No demo was used for this project. All ideas were original.
The inspiration for SafeConnections stems from a profound desire to combat human trafficking, particularly in regions where it's most prevalent. Southern Africa, where millions of children fall victim to forced labor and trafficking, served as a crucial motivator. Our team aimed to leverage technology to create a safer online environment for children, providing parents with tools to monitor and protect their kids from online predators and traffickers.
SafeConnections is a secure messaging platform designed to prevent human trafficking. It uses unsupervised machine learning to detect and flag suspicious conversations that may indicate trafficking attempts. Parents receive notifications about these potential threats, helping them take swift action to protect their children. The platform ensures a safer online space for kids to communicate without fear.

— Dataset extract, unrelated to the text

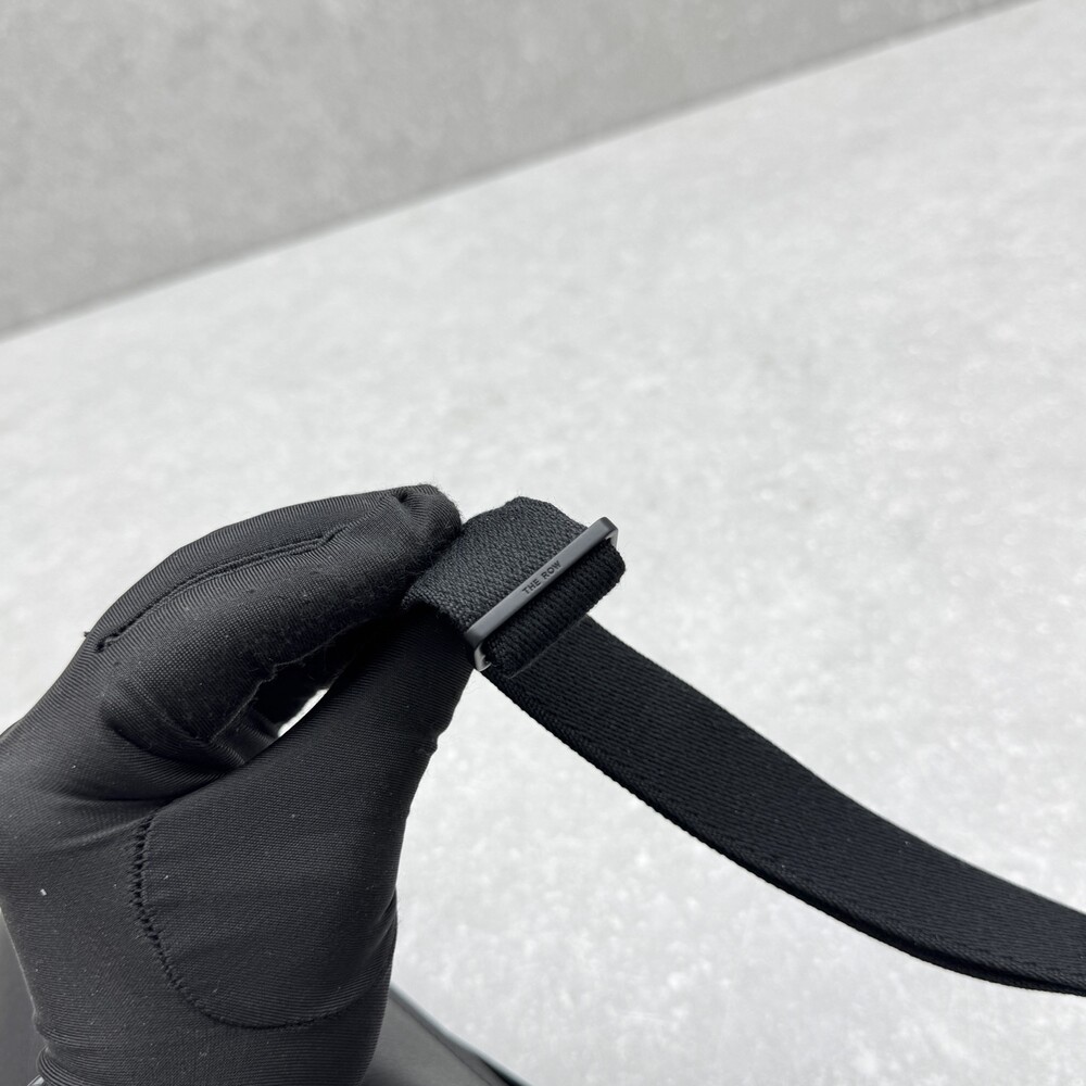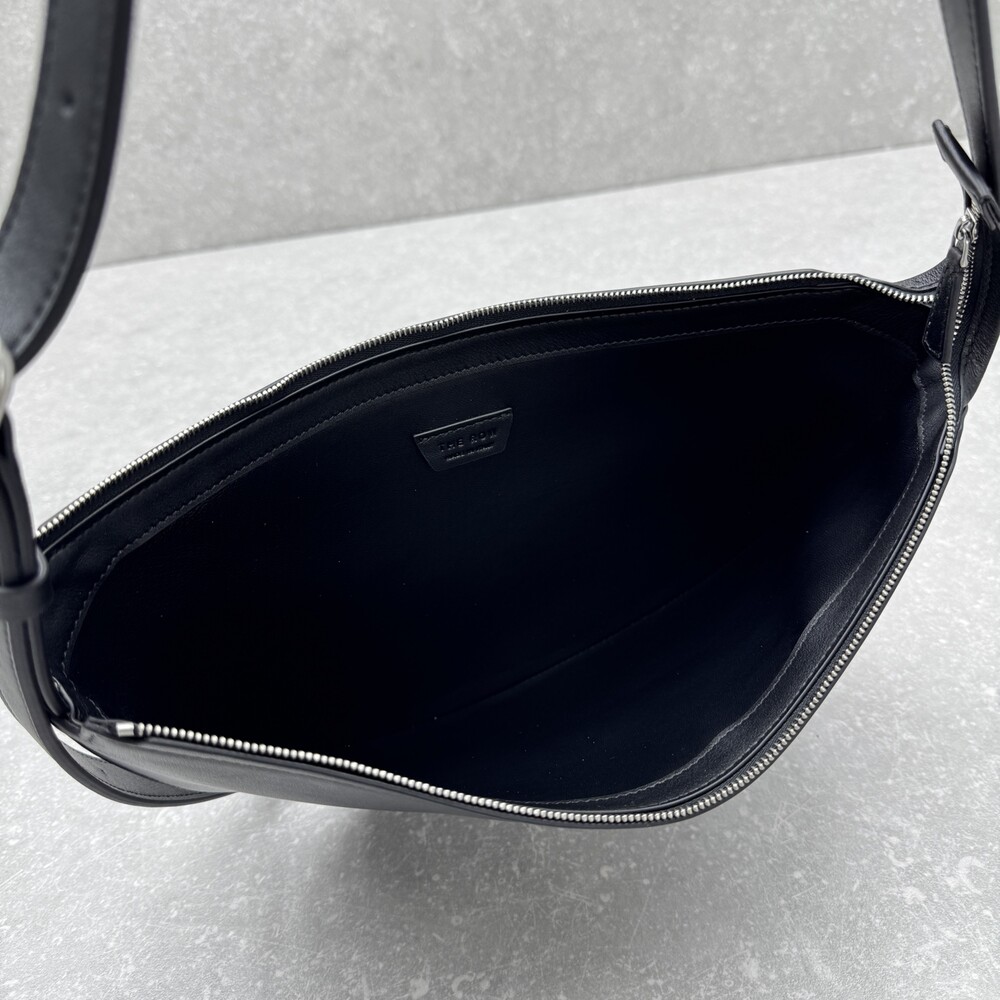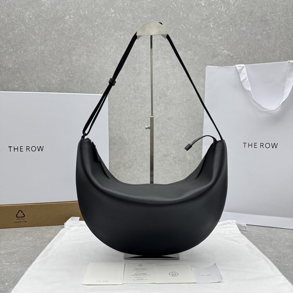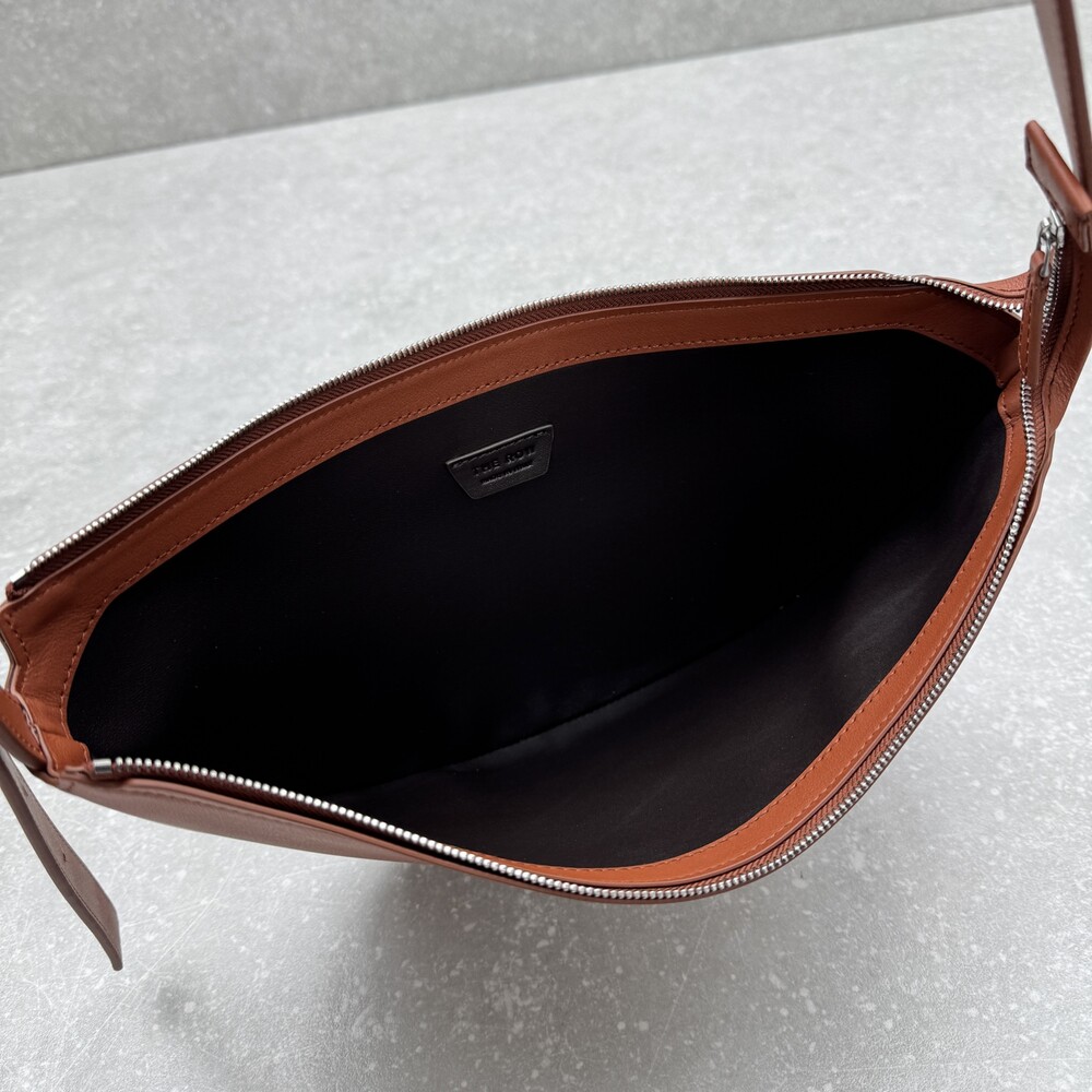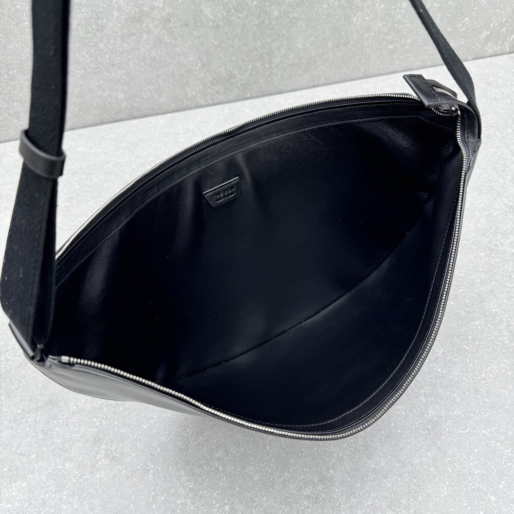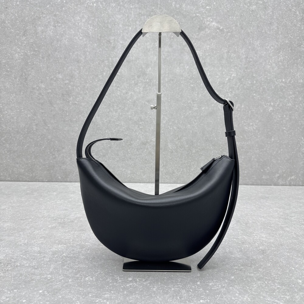 세련된 그레인 송아지 가죽 소재의 초승달 모양 크로스바디 백으로, 지퍼 클로저와 금속 버튼이 달린 조절식 스트랩이 특징입니다.

We utilized a combination of technologies and tools to bring SafeConnections to life. The front-end was built with HTML, CSS, Java, React.js, and Apps Script, with design assistance from Figma for the user interface. The back-end was developed in Python, incorporating several libraries for data handling and machine learning. Specifically, we used pandas for data manipulation, TfidfVectorizer for converting text data into numerical format suitable for machine learning algorithms, joblib for model persistence, and oauth2client for handling OAuth 2.0 authentication. Our machine learning pipeline included training models to analyze and predict user data, enhancing the app's functionality and user experience. For integration, Google Sheets served as an intermediary to connect the front-end with the Python backend, allowing seamless data flow and processing. Additionally, we implemented the Twilio API for notification services. The project is deployed and hosted on GitHub Pages.
Building SafeConnections presented several challenges. Ensuring seamless communication between the front-end and back-end via Google Sheets required meticulous coordination. Implementing and fine-tuning the unsupervised machine learning model to accurately detect suspicious activity was complex and time-consuming. Additionally, designing a user-friendly and intuitive interface that met the needs of both children and parents necessitated significant iteration and feedback.
Functional Prototype: Developing a working prototype within a limited timeframe that effectively demonstrates our concept.
Machine Learning Integration: Successfully incorporating machine learning to enhance the platform's safety features.
Social Impact: Creating a tool that has the potential to make a real difference in the fight against human trafficking and online exploitation.
Collaboration: Effective teamwork and communication are crucial, especially when integrating diverse technologies.
Technical Skills: Enhanced our skills in front-end and back-end development, machine learning, and API integration.
Problem-Solving: How to approach and solve complex problems under time constraints, improving our ability to innovate and adapt quickly.
Looking ahead, we plan to…
Enhance Detection Accuracy: Further refine the machine learning model to improve accuracy in detecting suspicious activities.
Expand Features: Introduce additional safety features and tools for parents and children.
Broader Deployment: Work towards deploying SafeConnections in regions most affected by human trafficking, starting with Southern Africa.